I don't care about how you use codegen, I want to understand why you discard all of the process, while still claiming credit for writing it? Perhaps you don't say I wrote this. Or I made this. Perhaps you do say, I asked an LLM to create this. Or disclose an LLM generated most of the lines. Or perhaps you do modify most of it, but I've never seen the latter in real life. And even then, that doesn't help answer my question about when people who aren't built different like you, why isn't that plagiarism?

Because when I look at something created by the team, I do give the engineering manager credit for their contributions, they helped build the team. But I definitely don't think they helped create the thing.


You've already made up your mind.
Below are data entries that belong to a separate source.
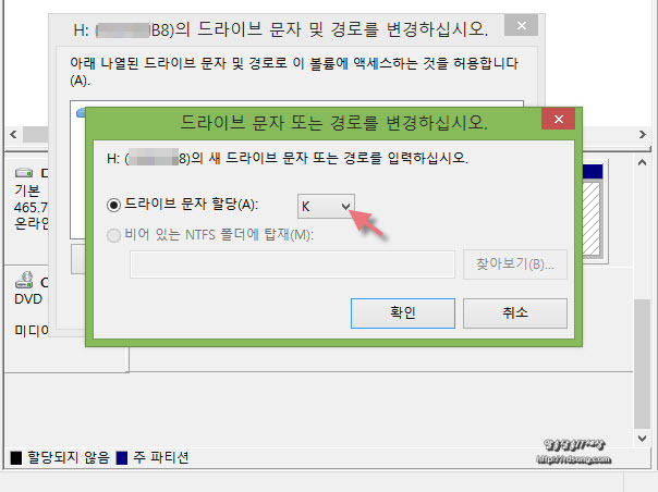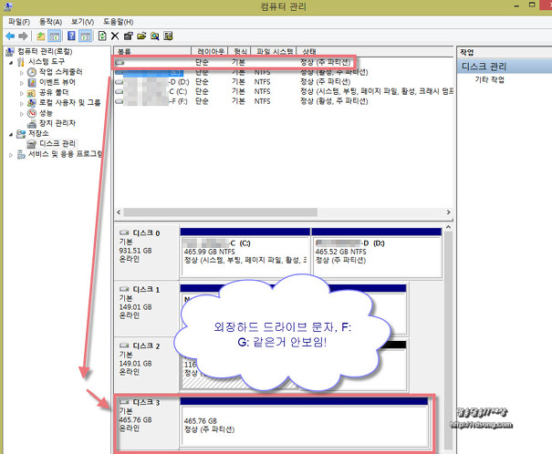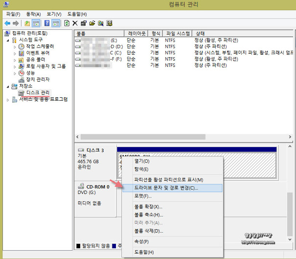 내컴퓨터에 외장하드 인식 볼륨이 나타나지 않을 때,외장하드 드라이브경로 문자 변경 [윈도우8]
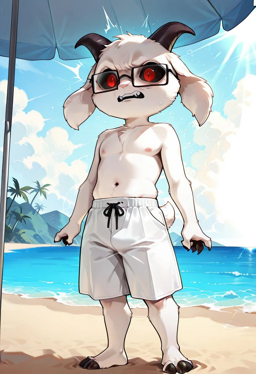 1boy,shortstack,anthro,Paul,dokkaebi,red eyes,black sclera,white fur,goat ears,horns,furry,
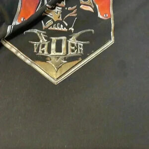 Black with Gold, Silver & Orange Graphic on front of shirt
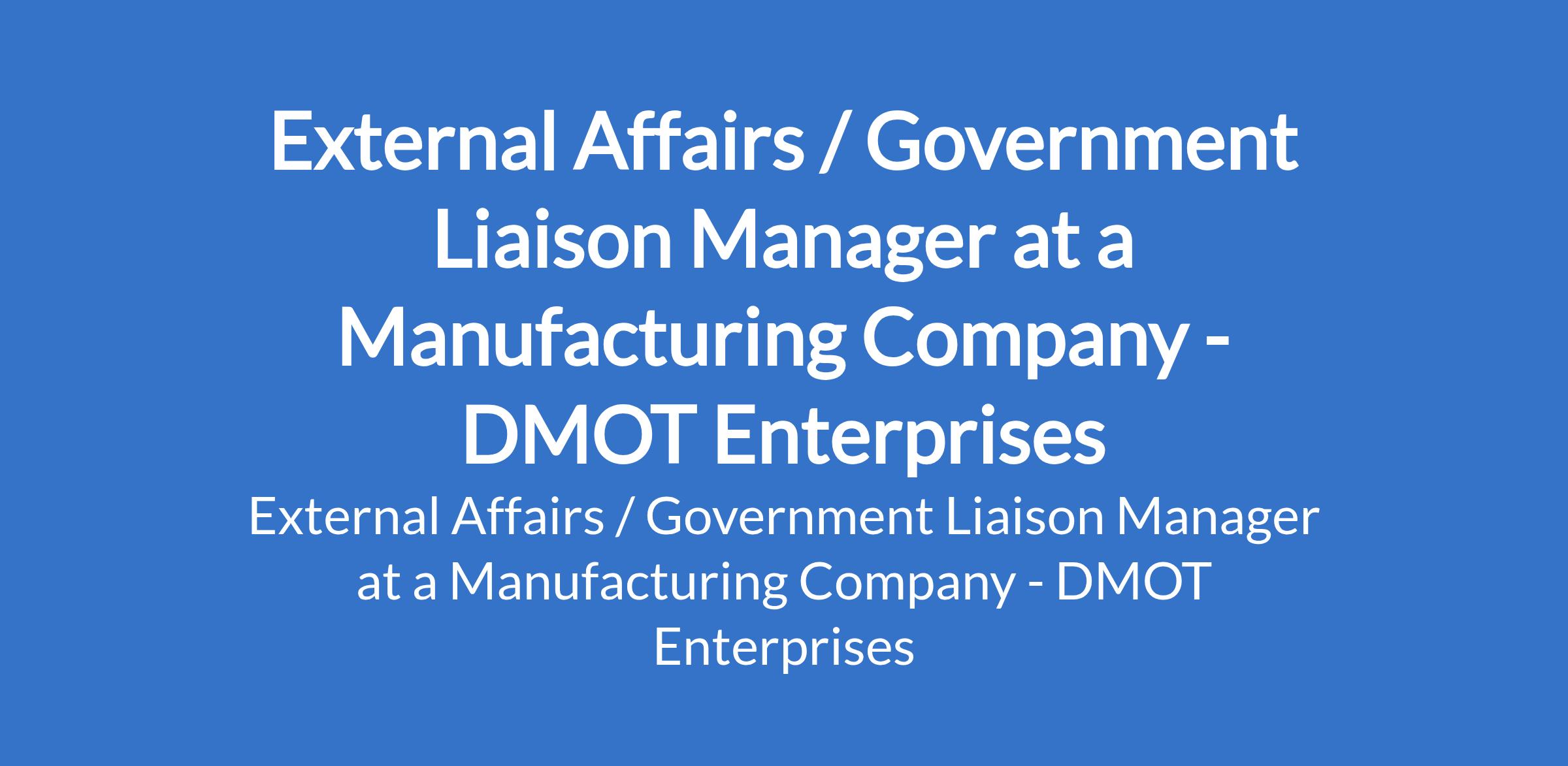 DMOT Enterprises - Our client, a Manufacturing company, is recruiting to fill the position of: External Affairs / Government Liaison Manager. The position is located in Lagos State. Interested candidates should possess a Degree in Social Sciences or Arts or related field with 6 to 10 years experience in external affairs / government relations, preferably in the Manufacturing company.

Have a nice life.


Your grieving doesn’t have to shit all over my personal enjoyment and contentment. Me enjoying the use of AI in developing software doesn’t take anything away from your ability to grieve or dislike it. I’m not asking you to be excited, I’m asking you not to frame my enjoyment as naive, harmful, or lesser.

Your feelings are yours, mine are mine, and they can coexist just fine. The problem only shows up when your grief turns into value judgments about the people who feel differently.


I used to be big into amateur radio. When I was considering to build a tower, I would have paid someone to build the tower for me and do the climbing work to mount stuff on the tower. Your statement is nonsensical, because it assumes that there is a binary choice between "do everything yourself" and "delegate everything".


I'm in my 40s, and I've been involved with computers since I was old enough to read. I was talking to some customers today about how magical it feels to blast past my own limits of my coding abilities with the help of LLMs. It's not perfect, and I mostly won't generate stuff that's a polished, finished product. But when it works, it sparks the same joy that it did when I was discovering the first bits of what computers can do on my Apple ][+.


Ha ha joke’s on you! I’d need to have friends in the first place!